● **Data below**:
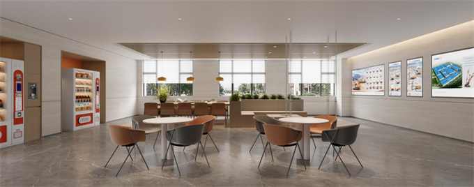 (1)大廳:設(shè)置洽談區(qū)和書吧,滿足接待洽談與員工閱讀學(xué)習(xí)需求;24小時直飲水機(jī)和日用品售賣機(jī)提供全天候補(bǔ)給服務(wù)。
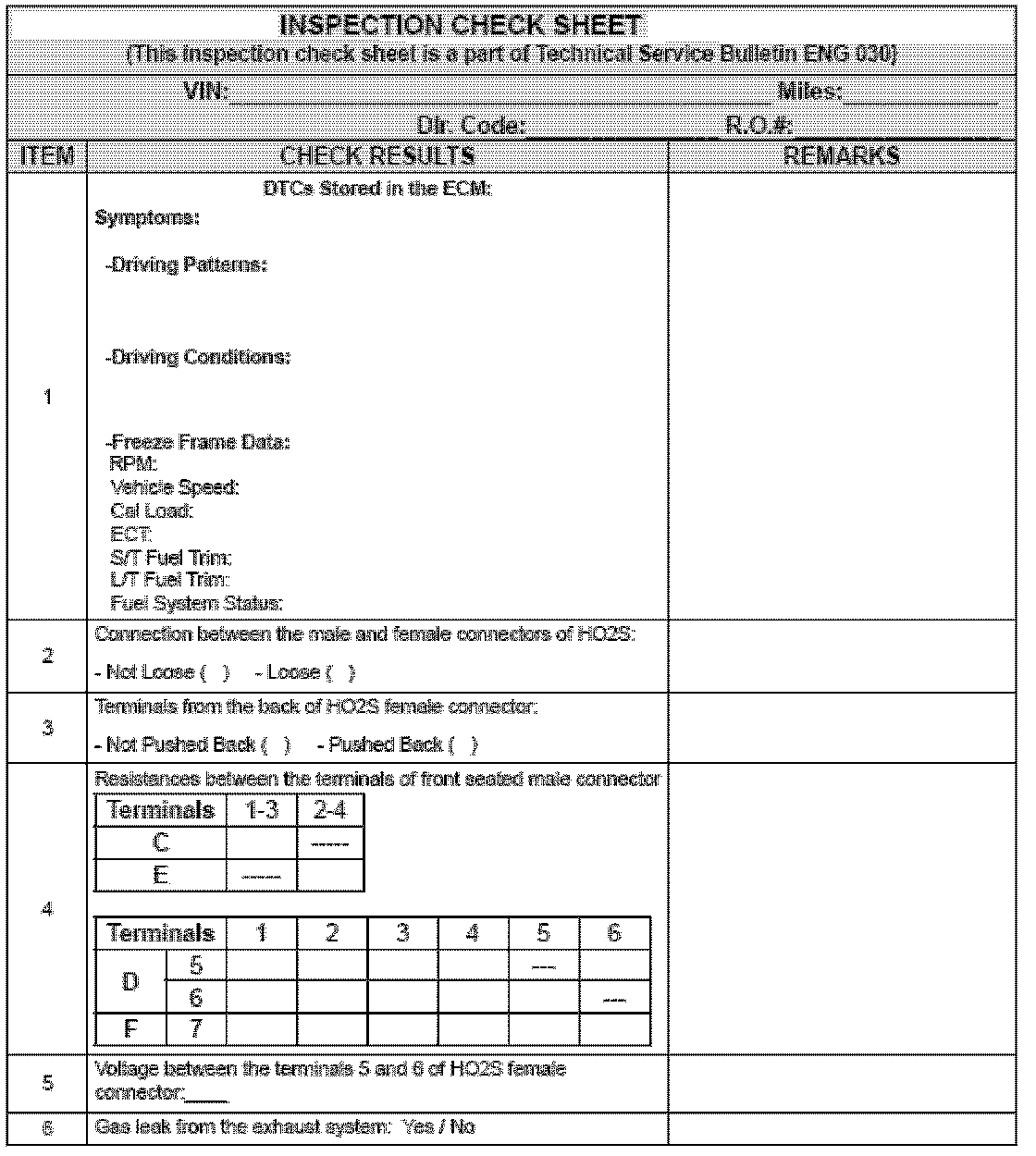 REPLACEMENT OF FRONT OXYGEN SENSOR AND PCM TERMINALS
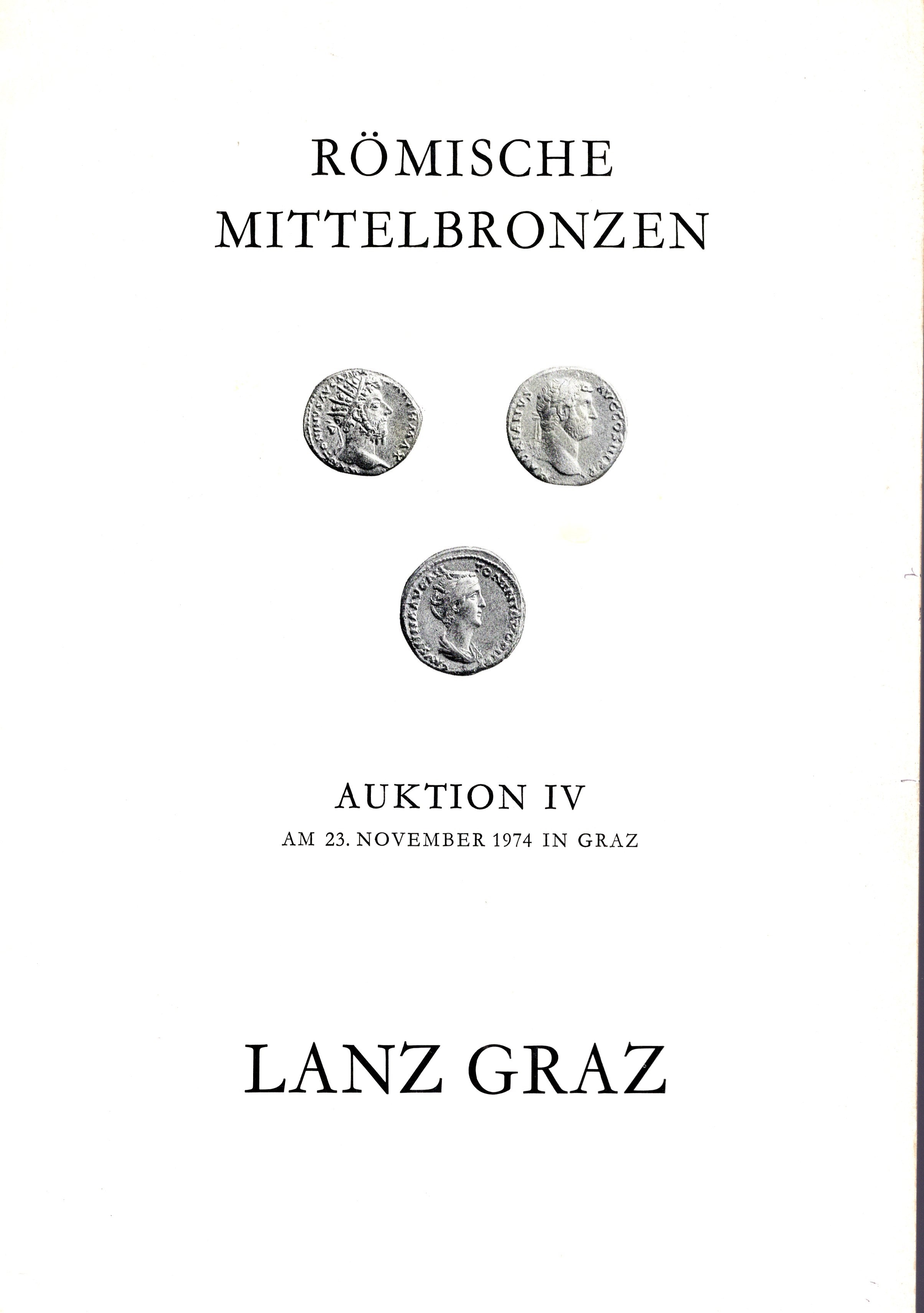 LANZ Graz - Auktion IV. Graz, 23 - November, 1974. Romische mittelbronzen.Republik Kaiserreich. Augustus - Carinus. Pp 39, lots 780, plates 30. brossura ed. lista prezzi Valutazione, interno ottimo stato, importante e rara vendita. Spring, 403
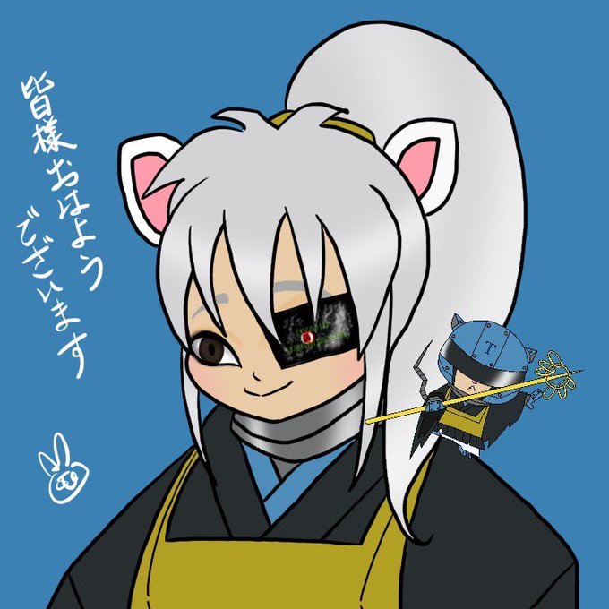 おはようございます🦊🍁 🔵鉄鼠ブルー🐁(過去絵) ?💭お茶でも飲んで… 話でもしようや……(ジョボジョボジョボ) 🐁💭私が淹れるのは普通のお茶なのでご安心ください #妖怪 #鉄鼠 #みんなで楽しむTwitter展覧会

● **Your instructions**: Copy nothing but the lines from the one containing "LANZ Graz - Auktion" through the last line of the listing above, transcribed exactly and with no pictures.

● **Expected answer**:
 LANZ Graz - Auktion IV. Graz, 23 - November, 1974. Romische mittelbronzen.Republik Kaiserreich. Augustus - Carinus. Pp 39, lots 780, plates 30. brossura ed. lista prezzi Valutazione, interno ottimo stato, importante e rara vendita. Spring, 403
 おはようございます🦊🍁 🔵鉄鼠ブルー🐁(過去絵) ?💭お茶でも飲んで… 話でもしようや……(ジョボジョボジョボ) 🐁💭私が淹れるのは普通のお茶なのでご安心ください #妖怪 #鉄鼠 #みんなで楽しむTwitter展覧会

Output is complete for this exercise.